This is my body
Six weeks ago yesterday, I went in to a small community hospital twenty-eight minutes from my home, gave my name, birthdate, and consent to the people working there, and they let me sleep for two hours.
Parenthood is hard, man. You will literally give up an organ for a few uninterrupted hours of sleep.
And I lost two pounds.
Or had it removed.
This morning as I sit, typing in the dark, I realize that I, the "I" that I was afraid of losing through this surgery, is still here. My self, my identity, me. Still here. And what's more, I don't leak.
And, because I am still me, I have been wondering about what this means. Not so much that my identity survived a hysterectomy, but that I was afraid it wouldn't.
I am circling an idea.
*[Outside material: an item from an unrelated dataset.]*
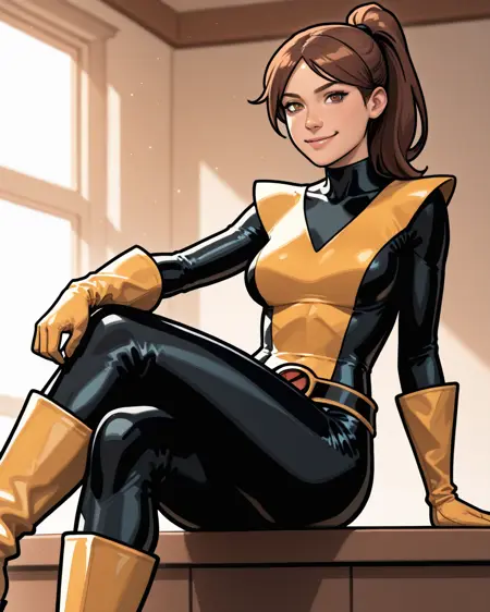 현대 X-Men: shadowcat, 1girl, 갈색 머리, 긴 머리, 갈색 눈, 포니테일, 노란색 바디수트, 벨트, 장갑, 부츠,

An idea that involves the body and the spirit and Eucharist. Having a functional brain would help with parsing it out, but I am just sure that there is a sinew and bone connection to the spirit. In New Seeds of Contemplation Thomas Merton writes, "the 'I' that works in the world, thinks about itself, observes its own reactions and talks about itself is not the true 'I' that has been united to God in Christ."
My experiment in corporeal excision supports this statement, but something within me baulks. I know I am setting myself up for ridicule. There is a pretty hard and fast rule against arguing about spirituality with persons who have taken a vow of silence. I am not accusing him of being wrong. I am just offering this: it is through my body that I have brought life into the world, and, although my womb has been removed, I still feel the generative impulse of my body.
It is in the breaking of the body that we remember Jesus and the poignancy of the Christ.
Like I said...I don't have this one all parsed out. But there is something there.